__Exercise description__
Print, exactly as they stand, the lines below from the one that has "Tommy Hilfiger Hunter" to the one that has "Enjoy crafting this", inclusive, leaving out the pictures.

__The records__
__________________________________________________

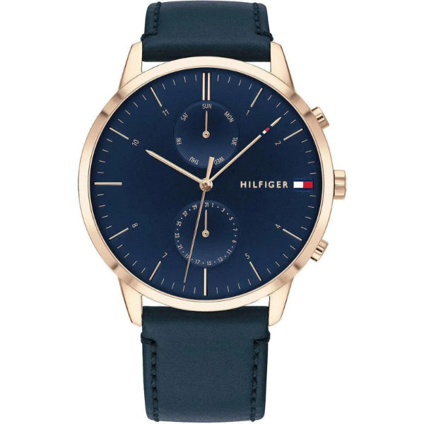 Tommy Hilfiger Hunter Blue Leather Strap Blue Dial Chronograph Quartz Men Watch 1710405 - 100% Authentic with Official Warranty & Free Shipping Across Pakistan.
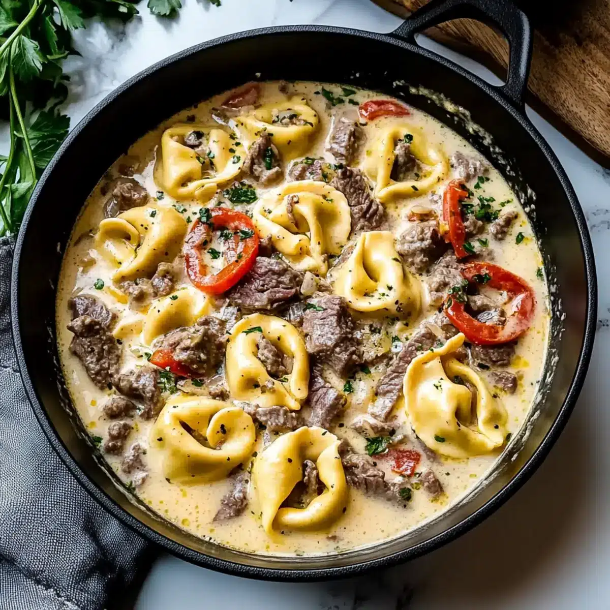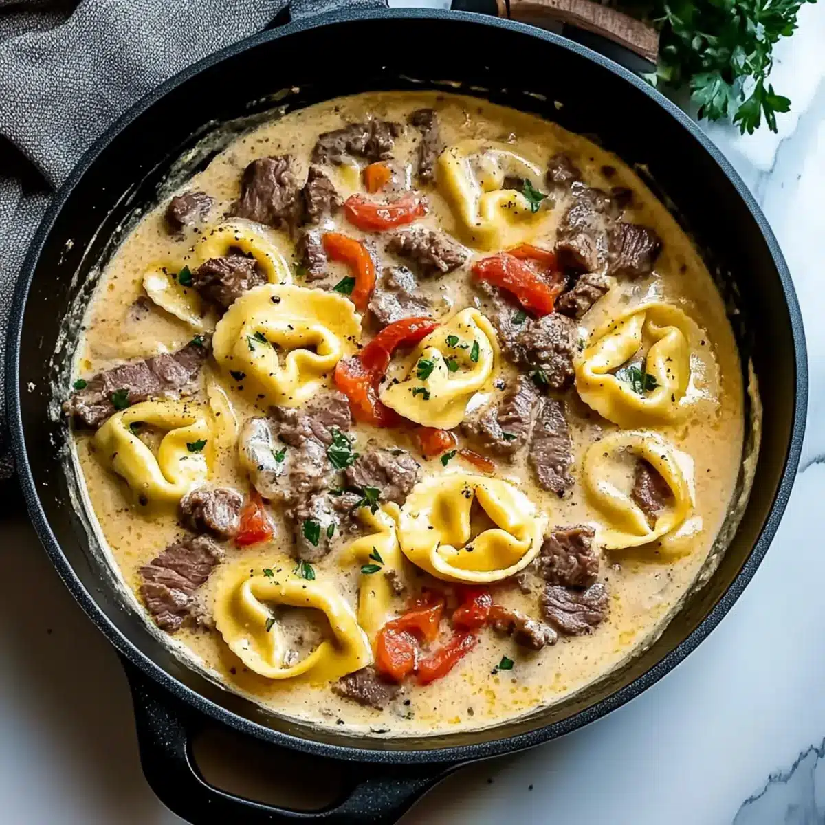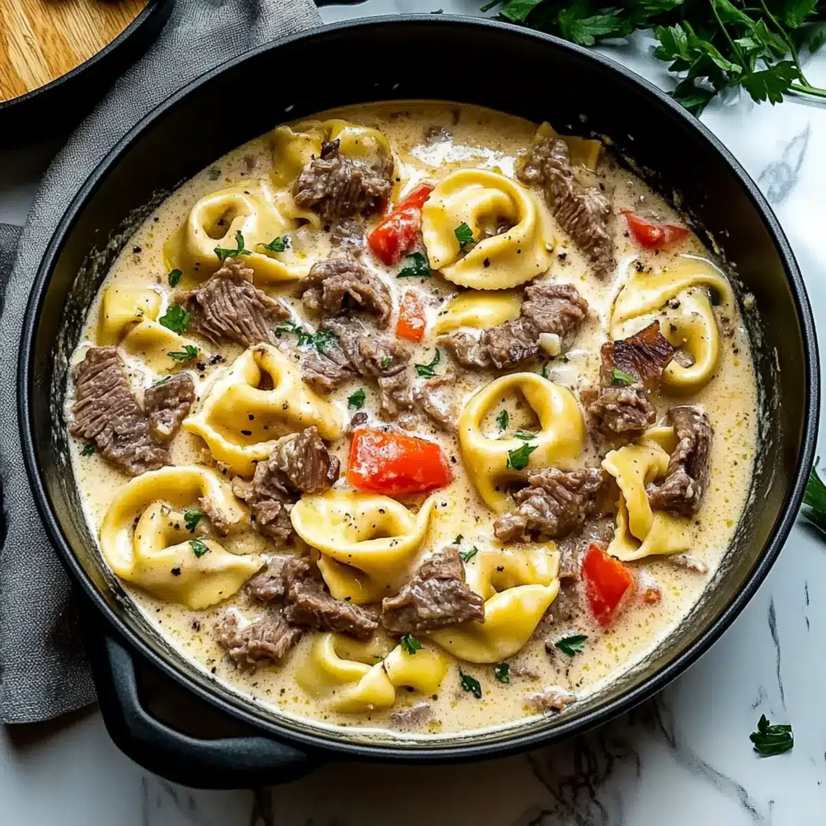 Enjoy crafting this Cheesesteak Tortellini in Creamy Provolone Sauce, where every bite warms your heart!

__________________________________________________

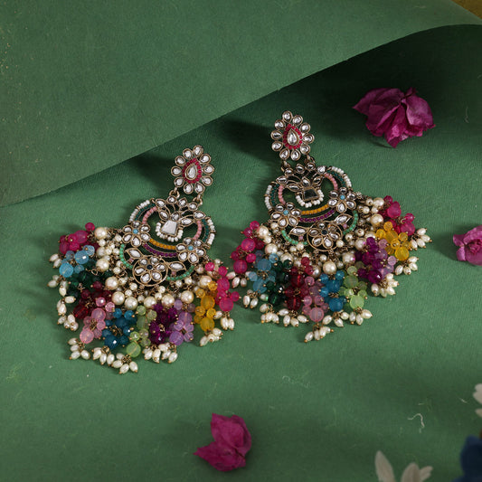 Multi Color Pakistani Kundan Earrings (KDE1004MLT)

__________________________________________________

__Solution for this exercise__
 Tommy Hilfiger Hunter Blue Leather Strap Blue Dial Chronograph Quartz Men Watch 1710405 - 100% Authentic with Official Warranty & Free Shipping Across Pakistan.
 Enjoy crafting this Cheesesteak Tortellini in Creamy Provolone Sauce, where every bite warms your heart!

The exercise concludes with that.